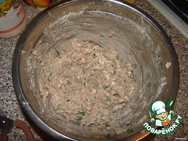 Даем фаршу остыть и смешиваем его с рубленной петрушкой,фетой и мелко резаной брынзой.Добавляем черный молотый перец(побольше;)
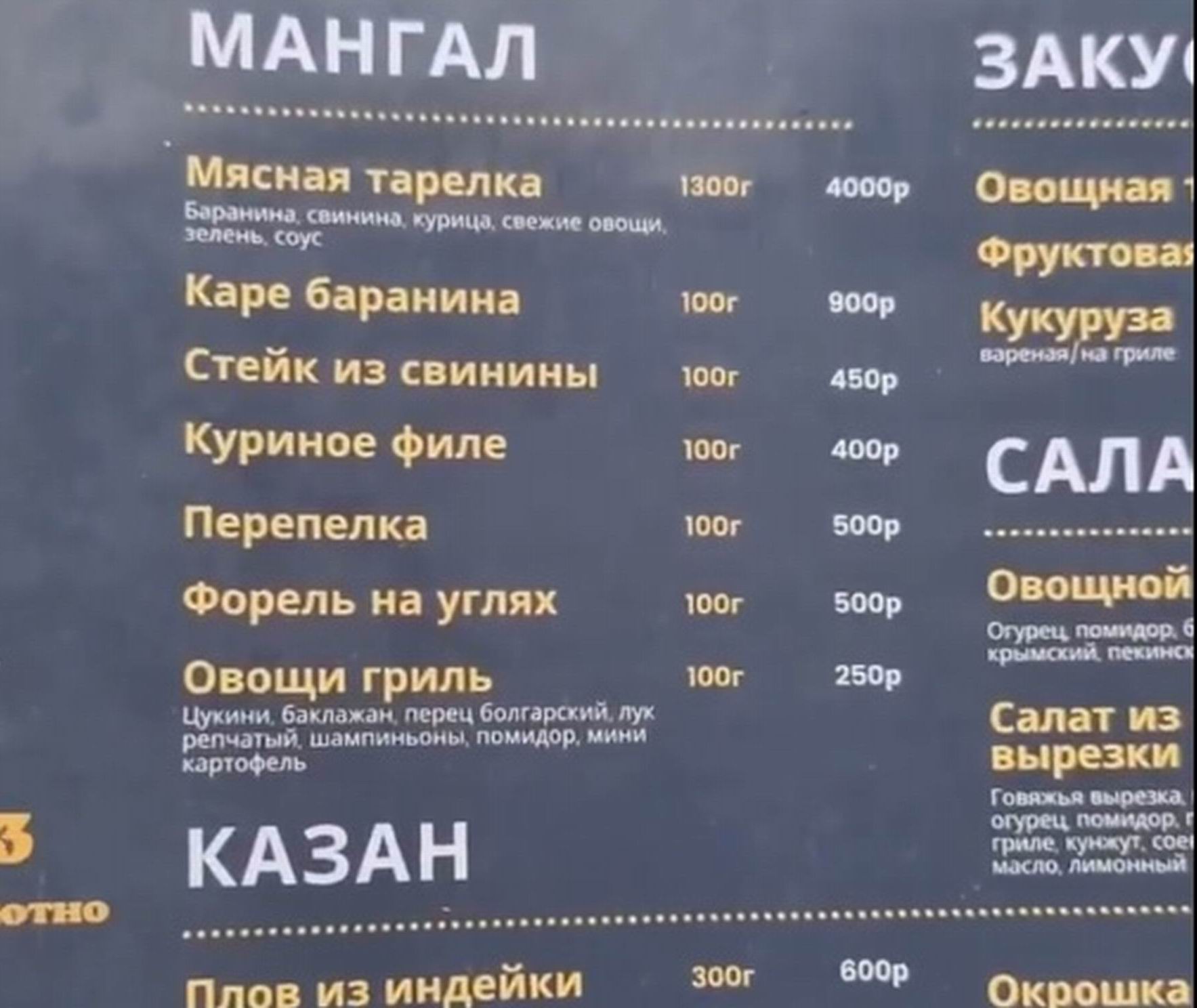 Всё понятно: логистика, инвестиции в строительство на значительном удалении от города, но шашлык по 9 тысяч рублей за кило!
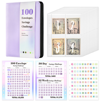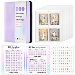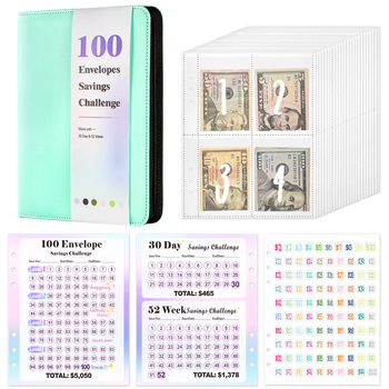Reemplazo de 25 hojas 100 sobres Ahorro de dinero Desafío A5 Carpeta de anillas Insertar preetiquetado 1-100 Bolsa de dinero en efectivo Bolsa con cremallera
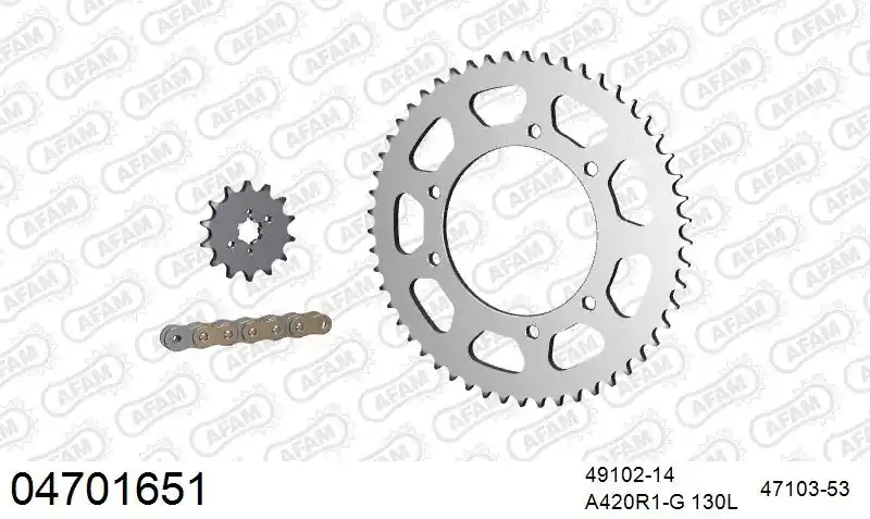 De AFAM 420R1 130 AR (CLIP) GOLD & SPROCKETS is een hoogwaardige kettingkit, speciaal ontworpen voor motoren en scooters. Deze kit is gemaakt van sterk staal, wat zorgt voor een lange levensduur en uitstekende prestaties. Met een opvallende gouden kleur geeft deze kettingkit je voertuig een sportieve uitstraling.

TASK DESCRIPTION ->
Pictures do not belong in the answer. Return the lines above starting at the one with "Всё понятно: логистика, инвестиции" and ending at the one with "Reemplazo de 25", both kept, exactly.

THE ANSWER ->
 Всё понятно: логистика, инвестиции в строительство на значительном удалении от города, но шашлык по 9 тысяч рублей за кило!
Reemplazo de 25 hojas 100 sobres Ahorro de dinero Desafío A5 Carpeta de anillas Insertar preetiquetado 1-100 Bolsa de dinero en efectivo Bolsa con cremallera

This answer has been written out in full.